#### Material for the task ####

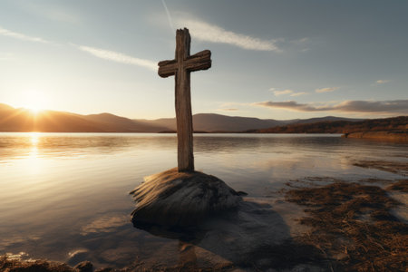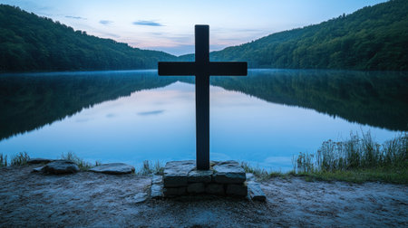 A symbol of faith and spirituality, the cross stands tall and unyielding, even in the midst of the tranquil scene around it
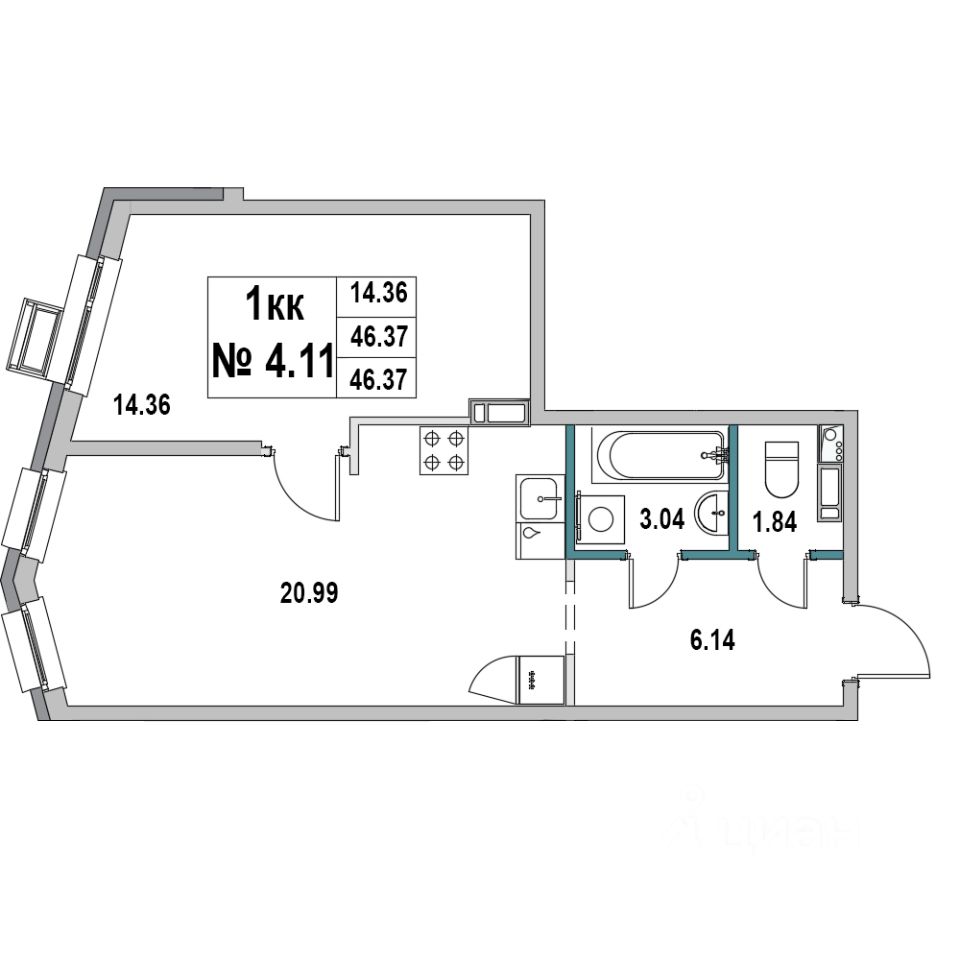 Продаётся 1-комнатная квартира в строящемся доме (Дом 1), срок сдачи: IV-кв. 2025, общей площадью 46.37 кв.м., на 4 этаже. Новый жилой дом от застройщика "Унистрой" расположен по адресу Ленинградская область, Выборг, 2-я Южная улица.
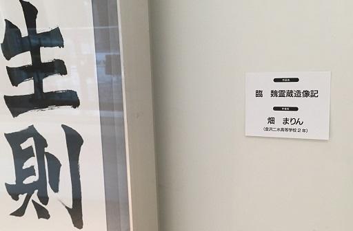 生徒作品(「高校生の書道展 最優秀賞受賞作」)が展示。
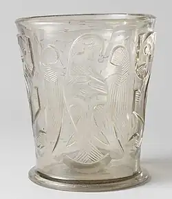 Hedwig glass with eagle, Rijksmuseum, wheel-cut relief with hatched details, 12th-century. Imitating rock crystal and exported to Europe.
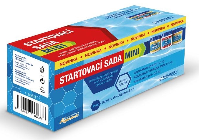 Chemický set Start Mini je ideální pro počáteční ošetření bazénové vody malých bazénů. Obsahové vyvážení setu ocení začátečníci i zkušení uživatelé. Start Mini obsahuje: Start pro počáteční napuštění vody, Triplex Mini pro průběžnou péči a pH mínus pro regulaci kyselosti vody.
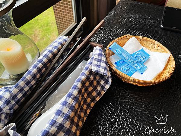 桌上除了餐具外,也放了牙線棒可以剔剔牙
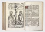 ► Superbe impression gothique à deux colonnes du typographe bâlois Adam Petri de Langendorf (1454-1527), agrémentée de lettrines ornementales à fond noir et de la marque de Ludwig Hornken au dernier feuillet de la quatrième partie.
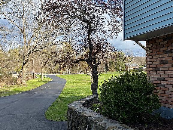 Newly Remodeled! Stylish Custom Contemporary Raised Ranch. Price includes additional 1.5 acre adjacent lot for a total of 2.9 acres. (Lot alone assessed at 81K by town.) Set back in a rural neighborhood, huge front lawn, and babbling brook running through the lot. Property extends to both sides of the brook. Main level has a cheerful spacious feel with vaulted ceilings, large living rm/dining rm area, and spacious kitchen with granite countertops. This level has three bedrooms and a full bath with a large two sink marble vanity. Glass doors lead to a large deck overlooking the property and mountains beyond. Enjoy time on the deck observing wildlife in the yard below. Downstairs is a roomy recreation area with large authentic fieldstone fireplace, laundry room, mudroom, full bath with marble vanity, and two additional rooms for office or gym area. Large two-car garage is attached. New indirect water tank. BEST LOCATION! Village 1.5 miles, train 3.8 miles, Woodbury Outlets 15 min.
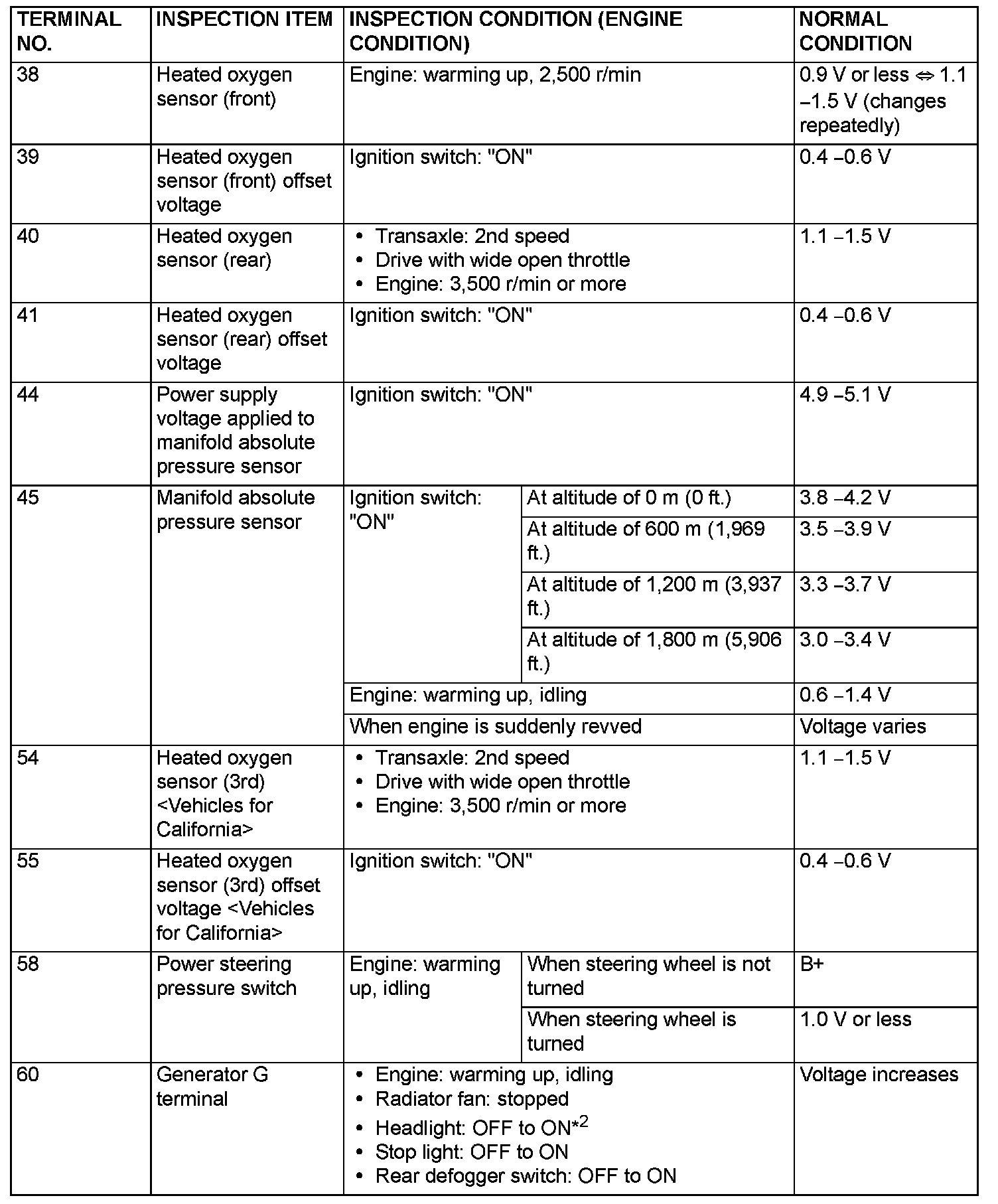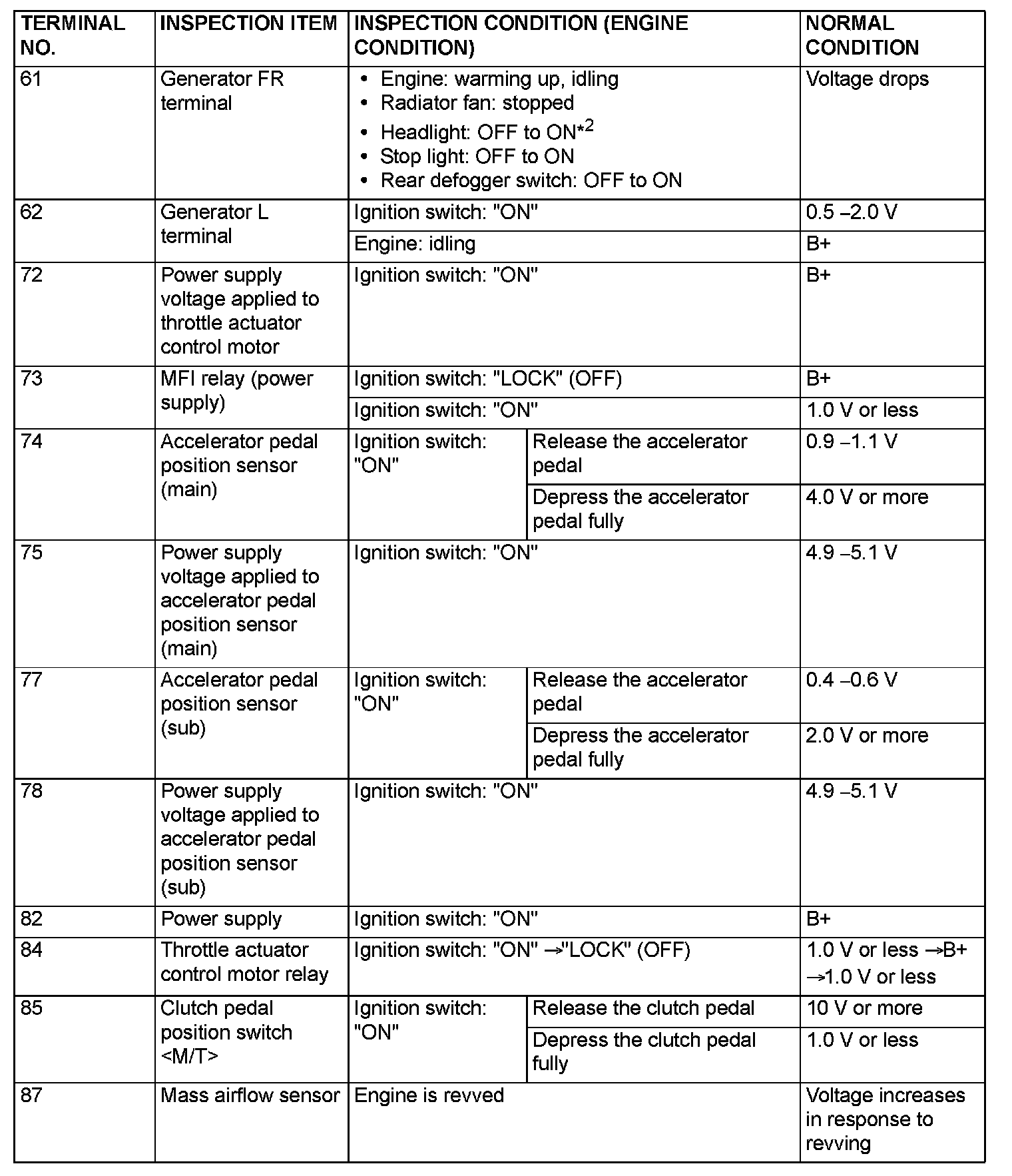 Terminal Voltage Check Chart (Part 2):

####

Could you restate every entry above word for word, leaving out the pictures?

- Problem solution
 A symbol of faith and spirituality, the cross stands tall and unyielding, even in the midst of the tranquil scene around it
 Продаётся 1-комнатная квартира в строящемся доме (Дом 1), срок сдачи: IV-кв. 2025, общей площадью 46.37 кв.м., на 4 этаже. Новый жилой дом от застройщика "Унистрой" расположен по адресу Ленинградская область, Выборг, 2-я Южная улица.
 生徒作品(「高校生の書道展 最優秀賞受賞作」)が展示。
 Hedwig glass with eagle, Rijksmuseum, wheel-cut relief with hatched details, 12th-century. Imitating rock crystal and exported to Europe.
 Chemický set Start Mini je ideální pro počáteční ošetření bazénové vody malých bazénů. Obsahové vyvážení setu ocení začátečníci i zkušení uživatelé. Start Mini obsahuje: Start pro počáteční napuštění vody, Triplex Mini pro průběžnou péči a pH mínus pro regulaci kyselosti vody.
 桌上除了餐具外,也放了牙線棒可以剔剔牙
 ► Superbe impression gothique à deux colonnes du typographe bâlois Adam Petri de Langendorf (1454-1527), agrémentée de lettrines ornementales à fond noir et de la marque de Ludwig Hornken au dernier feuillet de la quatrième partie.
 Newly Remodeled! Stylish Custom Contemporary Raised Ranch. Price includes additional 1.5 acre adjacent lot for a total of 2.9 acres. (Lot alone assessed at 81K by town.) Set back in a rural neighborhood, huge front lawn, and babbling brook running through the lot. Property extends to both sides of the brook. Main level has a cheerful spacious feel with vaulted ceilings, large living rm/dining rm area, and spacious kitchen with granite countertops. This level has three bedrooms and a full bath with a large two sink marble vanity. Glass doors lead to a large deck overlooking the property and mountains beyond. Enjoy time on the deck observing wildlife in the yard below. Downstairs is a roomy recreation area with large authentic fieldstone fireplace, laundry room, mudroom, full bath with marble vanity, and two additional rooms for office or gym area. Large two-car garage is attached. New indirect water tank. BEST LOCATION! Village 1.5 miles, train 3.8 miles, Woodbury Outlets 15 min.
 Terminal Voltage Check Chart (Part 2):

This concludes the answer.